Deep Discriminative Clustering Analysis
This addresses clustering inefficiencies in deep learning for domains like image, text, and audio, though it appears incremental as it builds on existing deep clustering approaches.
The paper tackles the problem of traditional clustering methods using low-level representations by developing Deep Discriminative Clustering (DDC), which models clustering with deep neural networks to learn high-level discriminative representations and relationships between patterns, resulting in outperforming current methods on eight diverse datasets.

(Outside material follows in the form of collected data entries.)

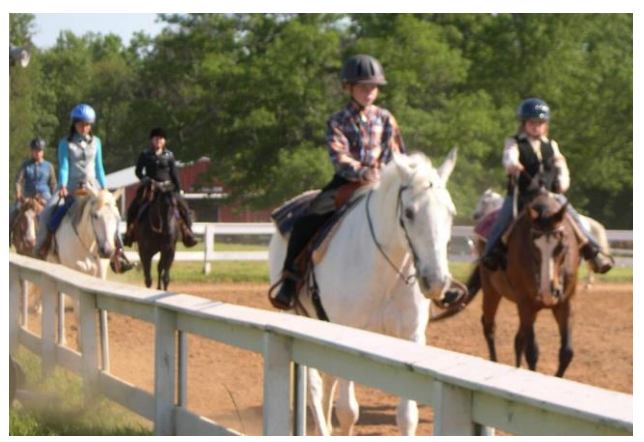
Rustburg Horse Show
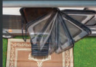
FRICTION HINGE DOOR
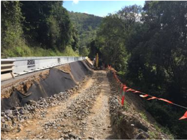
View looking north at CH 6700 showing wall and drainage rock revetment for Gabion Wall G1.
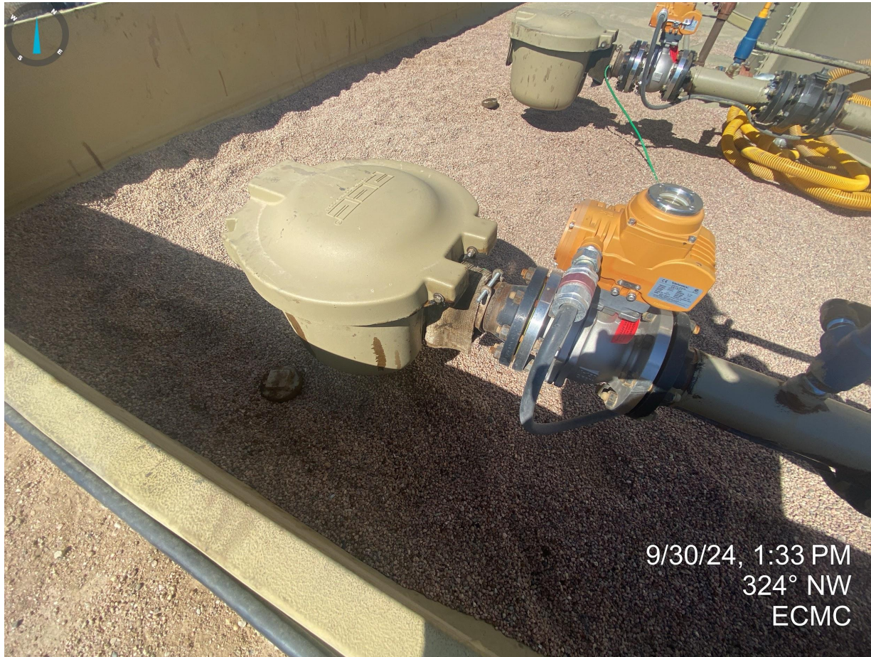
Photo 22. Stained soil previously documented near loadout lines appears to have been removed; trace amounts of stained pea gravel still remains. Operator shall continue to monitor and mague the location for stained soils and implement appropriate BMPs where necessary.

Traditional clustering methods often perform clustering with low-level indiscriminative representations and ignore relationships between patterns, resulting in slight achievements in the era of deep learning. To handle this problem, we develop Deep Discriminative Clustering (DDC) that models the clustering task by investigating relationships between patterns with a deep neural network. Technically, a global constraint is introduced to adaptively estimate the relationships, and a local constraint is developed to endow the network with the capability of learning high-level discriminative representations. By iteratively training the network and estimating the relationships in a mini-batch manner, DDC theoretically converges and the trained network enables to generate a group of discriminative representations that can be treated as clustering centers for straightway clustering. Extensive experiments strongly demonstrate that DDC outperforms current methods on eight image, text and audio datasets concurrently.